Cost and quality are strongly positively correlated. Longer context, more reasoning steps, more powerful models -- every lever for improving quality directly increases cost. Cost optimization may harm product quality.

Mixed Patterns and Boundary Judgment

Real systems are typically a mix of both patterns. The key is making the correct positioning judgment for each component.

python
# Mixed pattern example: intelligent customer service system

# Glue layer: intent classification (LLM could be replaced by rules)
intent = classify_intent(user_message)  # LLM call

# Deterministic logic: business processing
if intent == "check_order":
    result = order_service.get_status(order_id)  # Database query
elif intent == "request_refund":
    result = refund_service.initiate(order_id)   # Business workflow

# Core engine: personalized response generation (LLM irreplaceable)
response = generate_response(result, user_context)  # LLM call

Intent classification is a glue layer -- it could theoretically be replaced by a rule engine; the LLM just makes it more flexible. Business processing is deterministic logic -- it must execute precisely. Response generation is a core engine -- natural, personalized replies require the LLM's generative capability.

The principle for boundary judgment: anything requiring precision and consistency (computation, data queries, state changes) goes in deterministic code; anything requiring flexibility and naturalness (understanding intent, generating text, handling ambiguous input) goes to the LLM. Do not ask the LLM to do what it is bad at (precise computation), and do not ask deterministic code to do what it is bad at (understanding natural language).

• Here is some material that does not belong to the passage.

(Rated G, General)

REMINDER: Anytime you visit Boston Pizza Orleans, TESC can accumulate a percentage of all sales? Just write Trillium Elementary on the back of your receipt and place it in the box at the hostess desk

Architectural Positioning Determines Testing Strategy

In the glue layer pattern, the testing focus for LLM modules is classification accuracy and parameter extraction accuracy -- run a set of inputs and check whether the LLM correctly identified the intent and extracted the parameters. This can be measured with traditional precision/recall metrics and regression-tested against labeled datasets.

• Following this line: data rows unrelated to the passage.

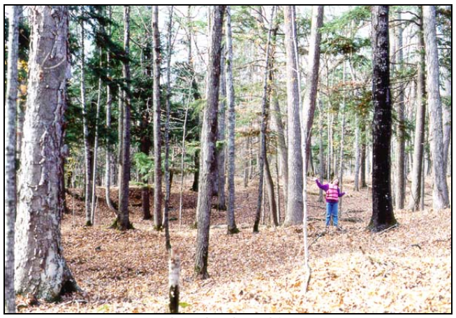
Northern hardwood forest, the most common forest type in Michigan.

Stated most simply, biomass is tissue produced by living organisms. In an ecological sense, it is usually measured in dry weight per unit area, such as tons per acre. In a forest, trees produce huge amounts of biomass. Wood is one form of that biomass, along with leaves, bark, flowers, fruit, etc. Woody biomass has been used by humans for millennia for a variety of purposes. Wood is one of the most common (and ecologically friendly) raw materials that society uses. In current markets, and with growing concerns about carbon and fossil fuel consumption, biomass has come to mean a potential alternative fuel source for energy. Of course, woody biomass has been used as an industrial and residential fuel for a long time. Yet, emerging technologies are changing the face of that market.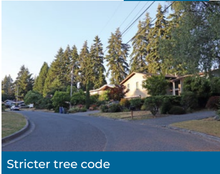
Stricter tree code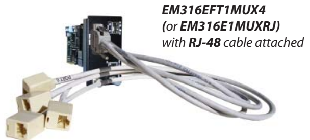
EM316EFT1MUX4 (or EM316E1MUXRJ ) with RJ-48 cable attached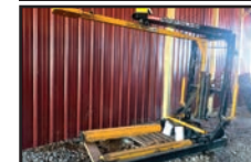
AG WRAP for 3 pt. hay wrapper very good cond.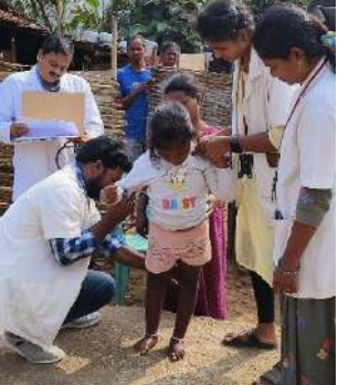
Artificial limbs follow-up visit

Children with special needs in this area now have greater access to Campus Challenge's orthopedic workshop. In response to the good services provided by the orthopedic work, word spread through the mouth and it reached many underprivileged people, allowing everyone access. The number of the clients for the work shop increasing year by year. At present 550 clients were registered. They have a strong follow-up system to keep children confident. They get counselling on their visit, assistance for repairs. This system allows the workshop to keep track of the progress of the children and their needs, providing the necessary support for them to develop their confidence and take away the anxiety.

In the core engine pattern, the testing focus is the statistical distribution of output quality -- whether quality across multiple outputs remains stable at an acceptable level. This requires the evaluation-as-testing methods discussed in Chapter 6.

In the mixed pattern, each component is tested according to its positioning. Deterministic parts get unit tests, glue layer parts get classification tests, core engine parts get statistical evaluation. This layered testing strategy is more efficient than end-to-end testing because it confines non-determinism to the smallest possible scope.